On October 21 and 22, 2021, experts met to highlight recent research findings and remaining questions about lung homeostasis, repair, and remodeling. Presenters and discussants covered basic research, clinical investigation, and the latest ’omics technologies used to understand mechanisms of airway remodeling and ways to reverse it. Sessions focused on (1) realizing the promise of ’omics and other new technologies; (2) embracing cellular diversity; and (3) triggers and paths to remodeling. All presentations addressed health disparities and sex and gender influences. The format consisted of short talks in each session followed by moderated Q&A with panelists. Each session held a breakout to discuss the gaps and opportunities in each session’s topic areas. The virtual meeting had over 330 participants with a wide range of expertise, clinical and research focus. The workshop was organized by the NHLBI Division of Lung Diseases.
The workshop discussed challenges related to lung cell homeostasis and pathways driving remodeling and repair. This workshop was an opportunity to share new research, discuss gaps in the field, and suggest the next steps with respect to gaining a better understanding of the current issues and how to promote translation to the clinic. This workshop brought together experts from various fields of research to share their insights, begin partnerships, foster collaborations, and provide ideas for the future research needs in these topics.

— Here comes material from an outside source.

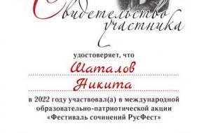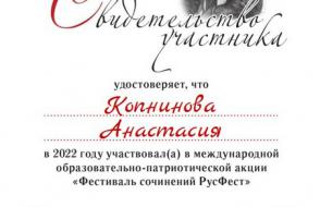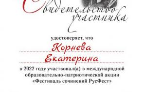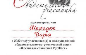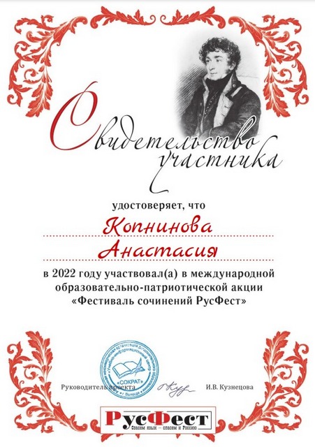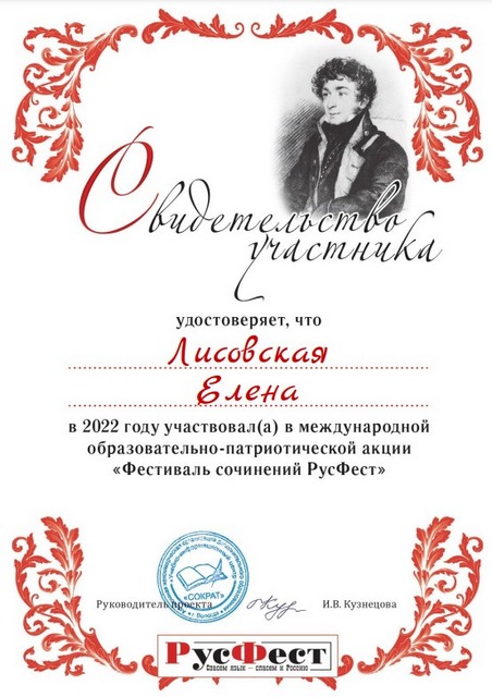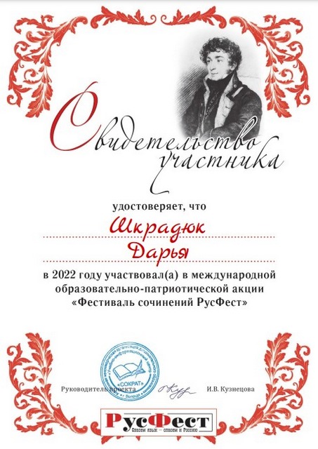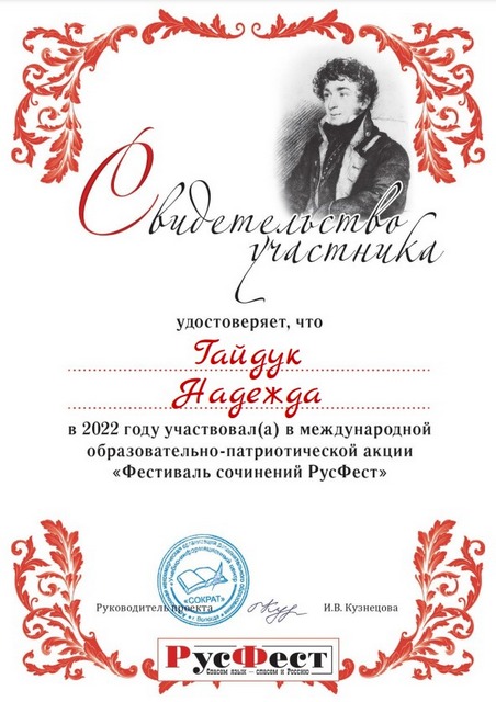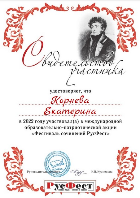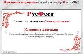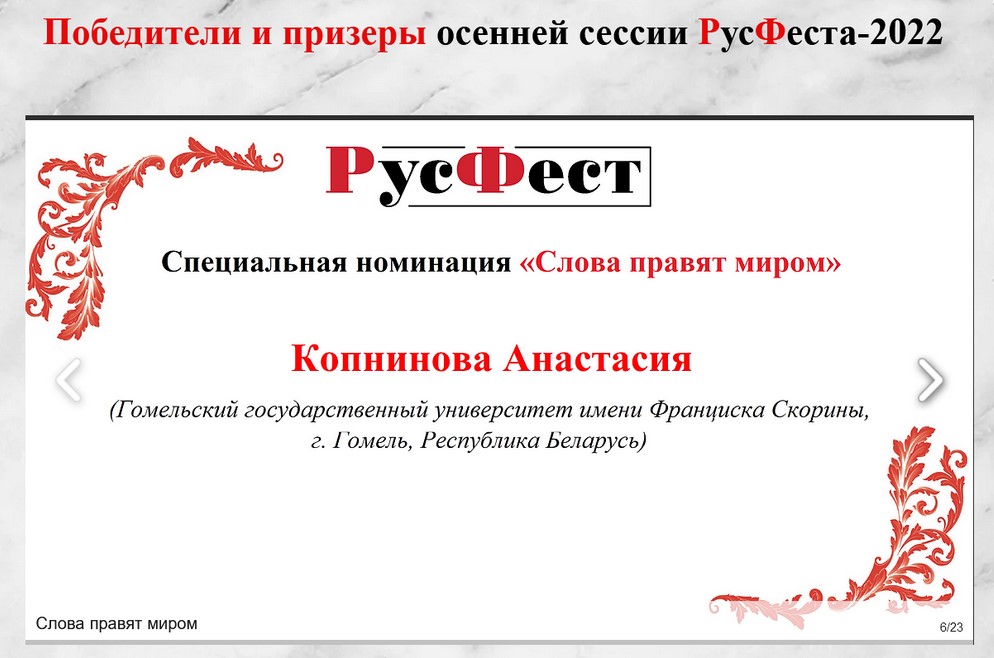 2022 年 10 月,语言学系 1-3 门课程的 10 名学生(Gayduk Nadezhda、Kopninova Anastasia、Shatalov Nikita、Chernousov Nikita、Shkradyuk Daria、Gnedko Oksana、Tkachenko Anna、Korneva Ekaterina、Elena Lisovskaya 和 Ksenia Shikhalova)成为参与者一年一度的国际教育秋季会议 - 教育行动“论文节 RusFest”,学生们在其中写了一篇关于给定主题的论文。 行动的所有参与者都获得了证书。
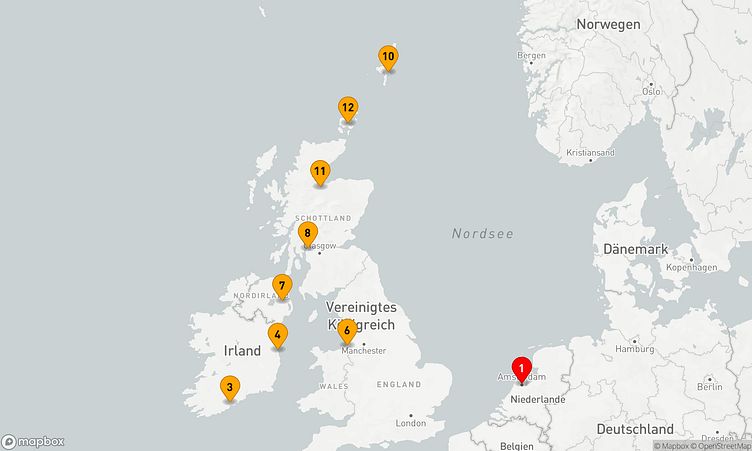 Auf dieser Reise erwarten Sie Stopps in den Häfen von Amsterdam, Dublin Dun Laoghaire und Glasgow (Greenock), wo Sie lokale Highlights und unvergessliche Eindrücke sammeln.

The workshop presentations and discussions centered around the following key topic areas:
Session 1: Realizing the Promise of ’omics and Other New Technologies
This session introduced the use of new technologies such as single-cell genomics which enable a granular look at molecular changes and can reveal the heterogeneity and subpopulations of cells in the lung. Single-cell RNA sequencing (scRNAseq) technology enables researchers to identify associations between mRNA and corresponding cells. Additionally, single cell multi-omics can reveal novel cell types and cell changes to provide a deeper understanding of homeostasis and remodeling. Combined with other technologies such as CRISPR and other ’omics, an increased granularity can be achieved at the molecular level. These technologies can delineate single-cell gene expression and changes across thousands of cells in parallel, using high multiplex CRISPR screens and Assay for Transposase-Accessible Chromatin with high-throughput sequencing (ATAC-seq), a method for mapping chromatin accessibility genome-wide. Spatial genomics technologies allow 2D visualization of gene expression for each cell with spatial coordinates within tissues, capturing biologically relevant information in a spatial context. Through this microscopy-based approach, thousands of genes can be detected in tens of thousands of cells in parallel at very high resolution. Further, novel lineage tracing with single-cell genomics can provide additional insight into cell fate through remodeling and homeostasis. In parallel, great advances have been made with organoid models, which continue to be improved as models of human lung disease.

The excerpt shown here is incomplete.